Family Communion
- Occurring
- for 1 hour, 15 mins
- Venue
- Kidbrooke, St Nicholas
- Address Whetstone Road Kidbrooke London, SE3 8PX, United Kingdom
Family Communion for the First Sunday after Trinity: celebrant the Revd Tola Badejo.
First reading: Psalm 42. 1–14
Gospel: Luke 8. 26–39
Psalm 42 is about faith challenged by adversity, and the psalmist's reliance on God even when God seems to have abandoned him. The deer longs for water because. like the psalmist, it is being pursued by hunters intending its death, be they wild animals or humans. The psalmist, against all objective evidence, is utterly confident that in the end God will save him.
In a way, the Gospel illustrates the salvation longed for in the psalm, although it comes to a different person in a completely different context. The man possessed by a legion of demons is not the victim of political conspiracy or civil war, but someone suffering extreme problems of personality or mental health, to an extent that makes his own life intolerable and lays a heavy burden on his community.

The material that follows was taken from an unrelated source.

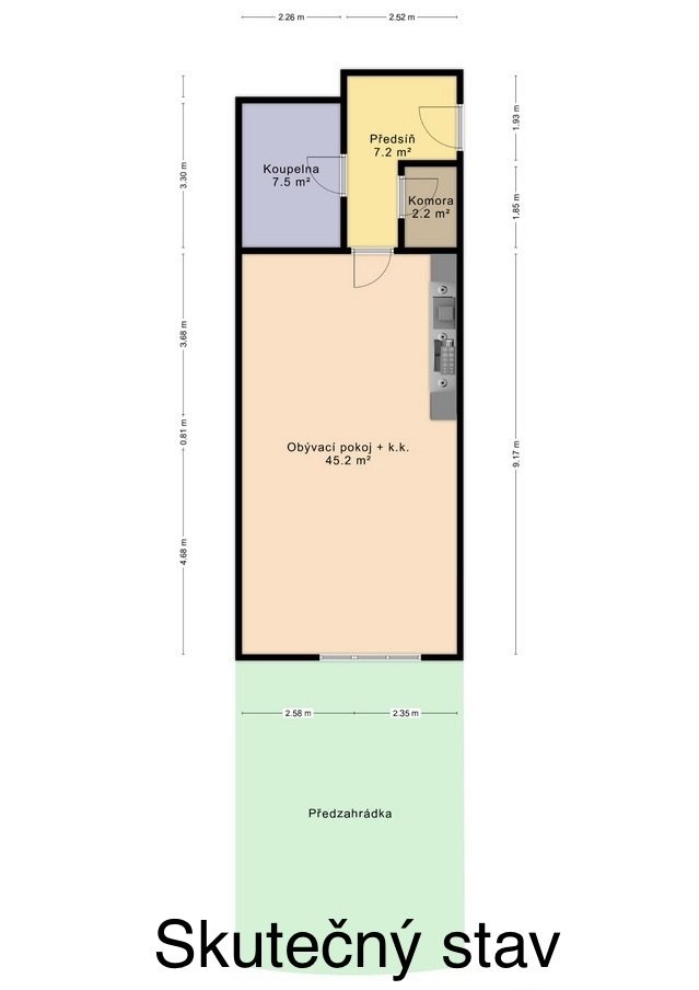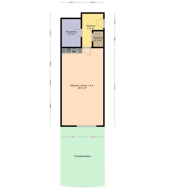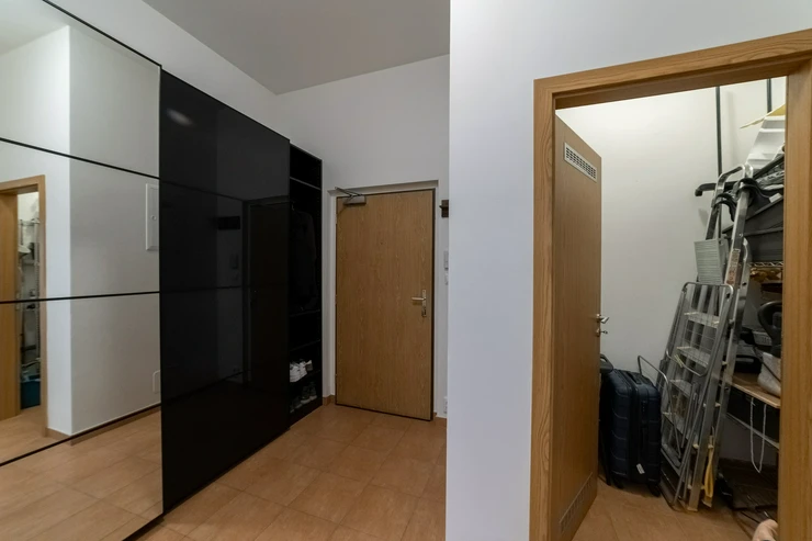 Kromě hlavní obytné místnosti byt nabízí prostornou předsíň s vestavěnou skříní, koupelnu s vanou a praktický úložný prostor v podobě komory či šatny. K bytu patří vlastní klidná předzahrádka ve vnitrobloku, která poskytuje maximální soukromí a možnost relaxace na čerstvém vzduchu. Podobné byty se na trhu objevují jen zřídka – většina 1+kk v Praze má zcela jiný charakter i měřítko.

It's worth reflecting on what Jesus does here: he engages with someone whom most people would, with good reason, be careful to avoid and brings healing in a situation which (like the psalmist's) appeared objectively hopeless.
The Bible is full of animal imagery, and, particularly in the Old Testament, animals are often seen very positively, as representations of attributes of God. In the Christian Middle Ages the stag had come to be regarded as a symbol of purity and nobility, and as such was adopted as an emblem by King Richard II. The image above is the reverse of the Wilton Diptych, a two-panel travelling altarpiece made for the king in about 1395. On the front (see attached) are the kneeling king and, behind him, John the Baptist and two regal saints: Edward the Confessor and Edmund, king of East Anglia. It's interesting that although by this time St George was generally regarded as as the patron saint of England, Richard chose two solidly historical English figures as his supporters, one of whom was undoubtedly martyred for his faith in our own country. Above the St George's Cross banner on the right is a tiny circle which contains a miniature map of Britain - the 'precious stone set in a silver sea' described by Shakespeare in his play 'Richard II'.